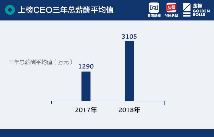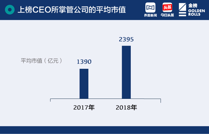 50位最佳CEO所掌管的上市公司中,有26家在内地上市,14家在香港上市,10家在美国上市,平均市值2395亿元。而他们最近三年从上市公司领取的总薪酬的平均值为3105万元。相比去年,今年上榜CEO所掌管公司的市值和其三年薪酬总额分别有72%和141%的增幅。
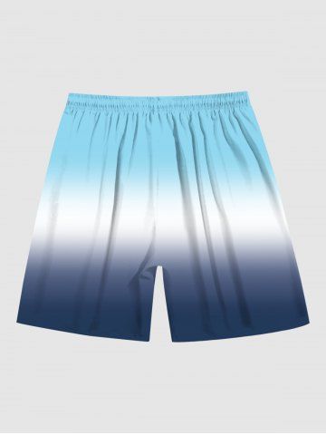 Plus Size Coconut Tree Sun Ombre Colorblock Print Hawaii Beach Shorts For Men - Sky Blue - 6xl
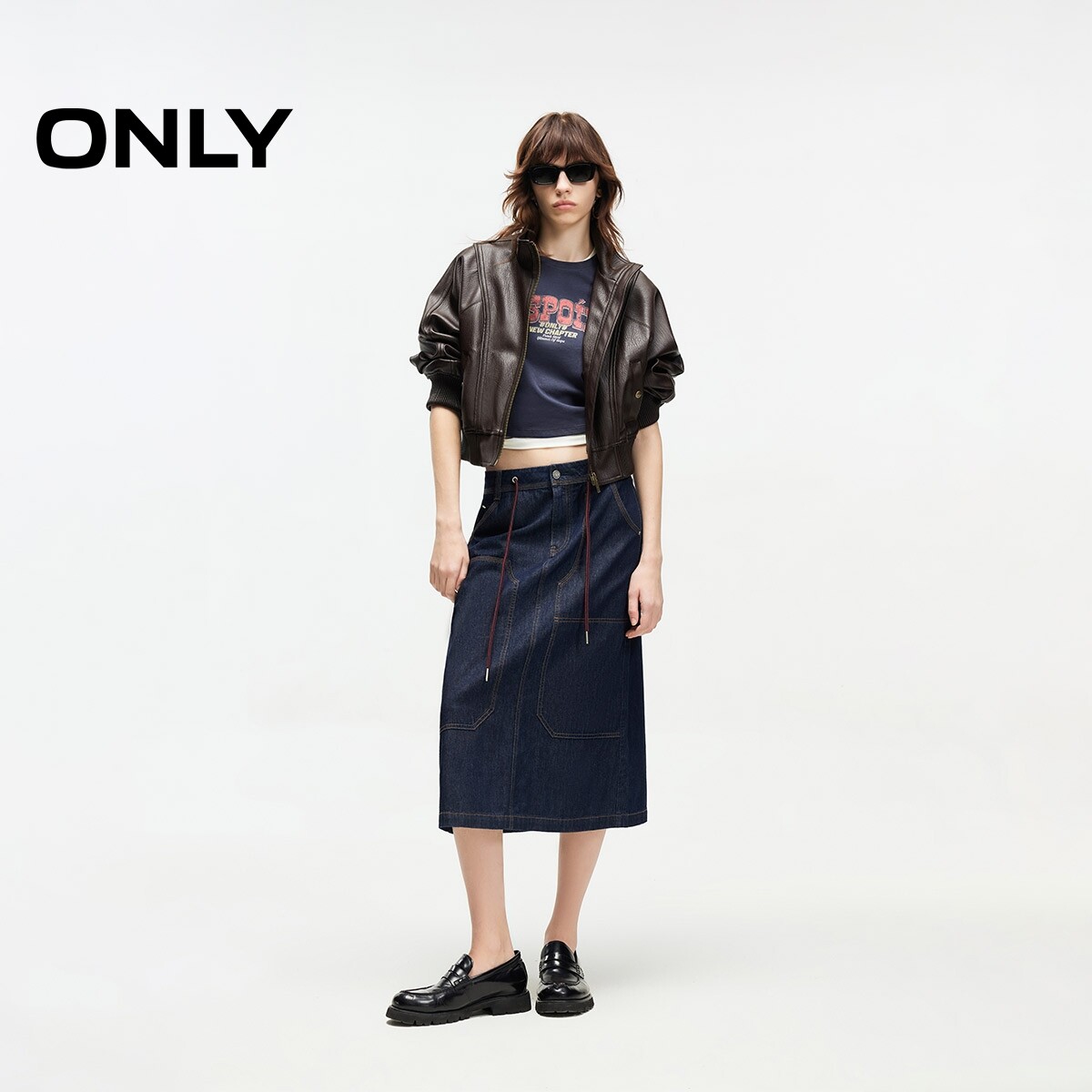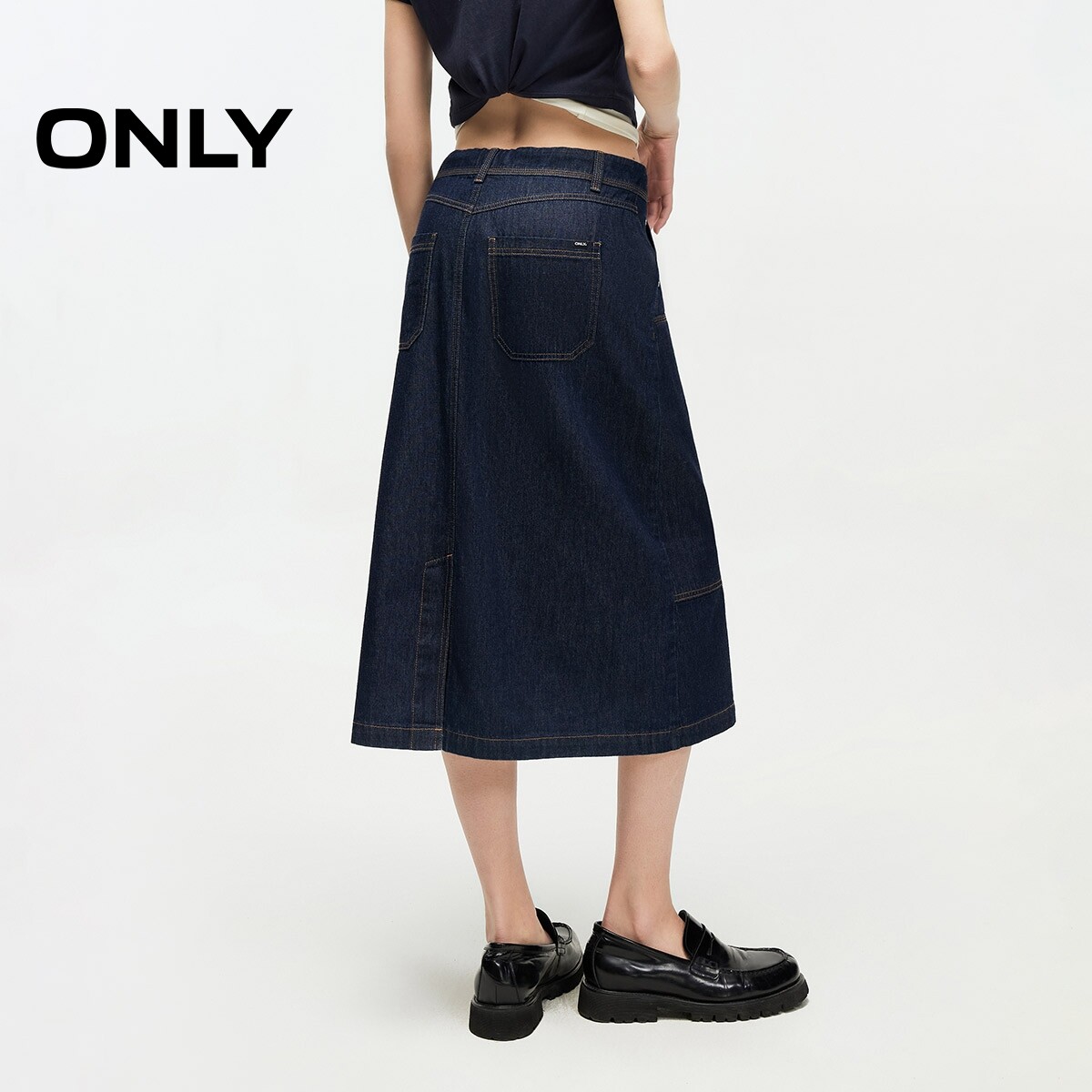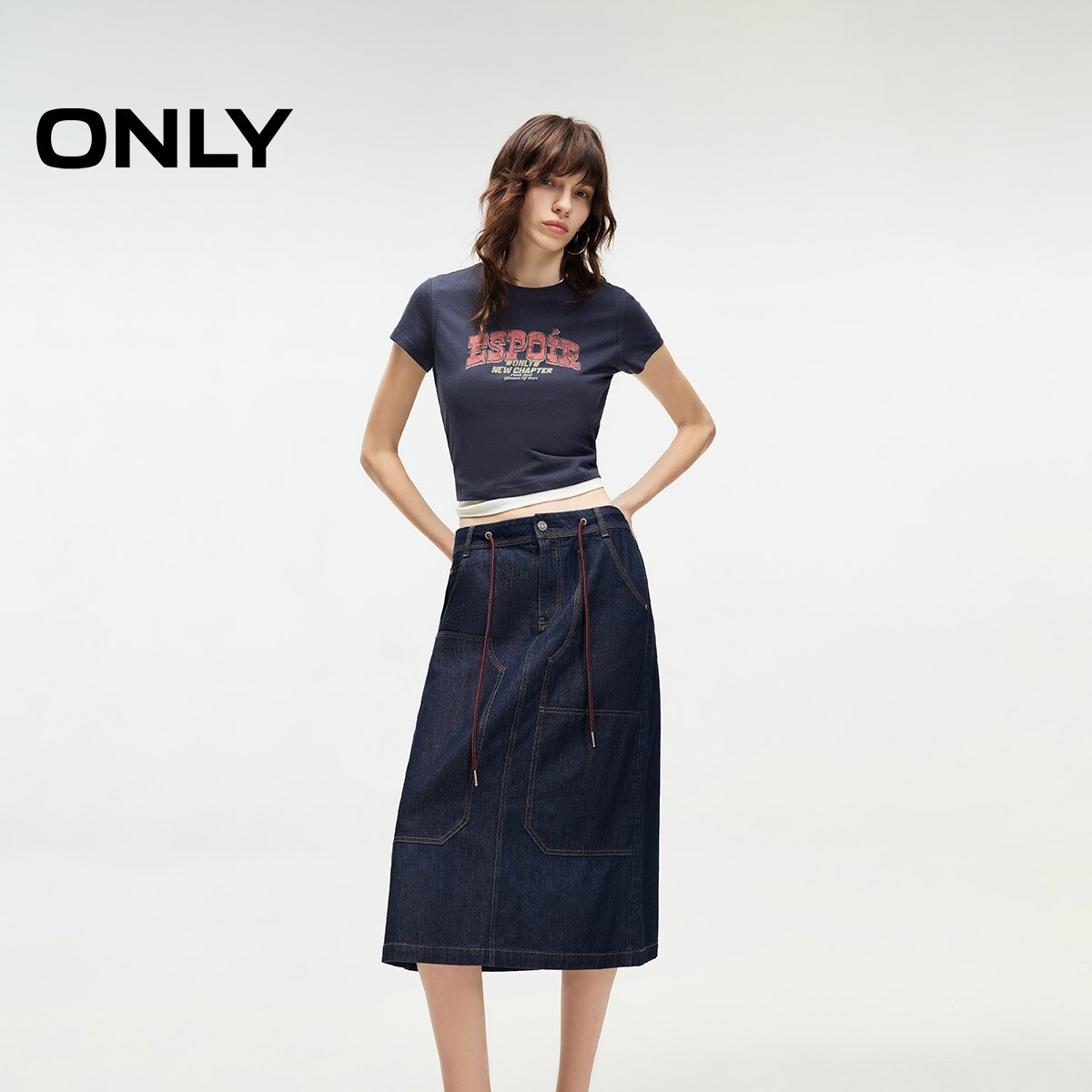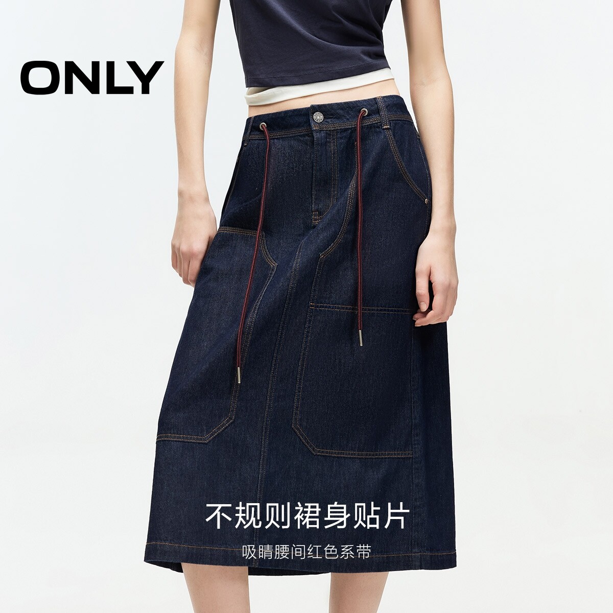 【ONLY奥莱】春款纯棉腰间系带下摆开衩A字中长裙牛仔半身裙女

- _Your objective_: Please restate the data word for word, leaving out any picture it holds.

- _Response for this exercise_:
 50位最佳CEO所掌管的上市公司中,有26家在内地上市,14家在香港上市,10家在美国上市,平均市值2395亿元。而他们最近三年从上市公司领取的总薪酬的平均值为3105万元。相比去年,今年上榜CEO所掌管公司的市值和其三年薪酬总额分别有72%和141%的增幅。
 Plus Size Coconut Tree Sun Ombre Colorblock Print Hawaii Beach Shorts For Men - Sky Blue - 6xl
 【ONLY奥莱】春款纯棉腰间系带下摆开衩A字中长裙牛仔半身裙女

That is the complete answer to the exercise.